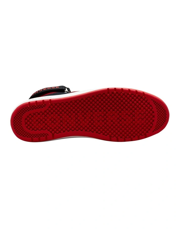 - Mid-top sneaker with synthetic upper and hits of canvas
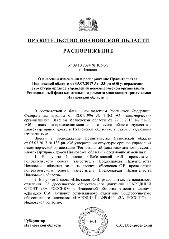 Распоряжение Правительства Ивановской области от 09.10.2024 N 103-рп "О внесении изменений в распоряжение Правительства Ивановской области от 05.07.2017 N 133-рп "Об утверждении структуры органов управления некоммерческой организации "Региональный фонд капитального ремонта многоквартирных домов Ивановской области"
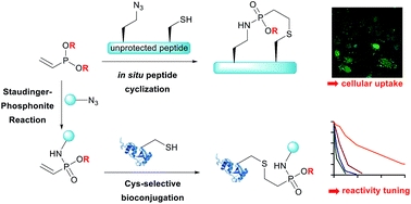 In this paper, we introduce vinylphosphonites for chemoselective Staudinger-phosphonite reactions (SPhR) with azides to form vinylphosphonamidates for the subsequent modification of cysteine residues in peptides and proteins. An electron-rich alkene is turned into an electron-deficient vinylphosphonamidate, thereby inducing electrophilic reactivity for a following thiol addition. We show that by varying the phosphonamidate ester substituent we can fine-tune the reactivity of the thiol addition and even control the functional properties of the final conjugate. Furthermore, we observed a drastic increase in thiol addition efficiency when the SPhR is carried out in the presence of a thiol substrate in a one-pot reaction. Hence, we utilize vinylphosphonites for the chemoselective intramolecular cyclization of peptides carrying an azide-containing amino acid and a cysteine in high yields. Our concept was demonstrated for the stapling of a cell-permeable peptidic inhibitor for protein–protein interaction (PPI) between BCL9 and beta-catenin, which is known to create a transcription factor complex playing a role in embryonic development and cancer origin, and for macrocyclization of cell-penetrating peptides (CPPs) to enhance the cellular uptake of proteins.

------------------------------------------------------------

Copy out exactly, with no pictures, the lines of the data from the first one through the line bearing "Распоряжение Правительства Ивановской области от 09.10.2024".

_Solution:_
 - Mid-top sneaker with synthetic upper and hits of canvas
 Распоряжение Правительства Ивановской области от 09.10.2024 N 103-рп "О внесении изменений в распоряжение Правительства Ивановской области от 05.07.2017 N 133-рп "Об утверждении структуры органов управления некоммерческой организации "Региональный фонд капитального ремонта многоквартирных домов Ивановской области"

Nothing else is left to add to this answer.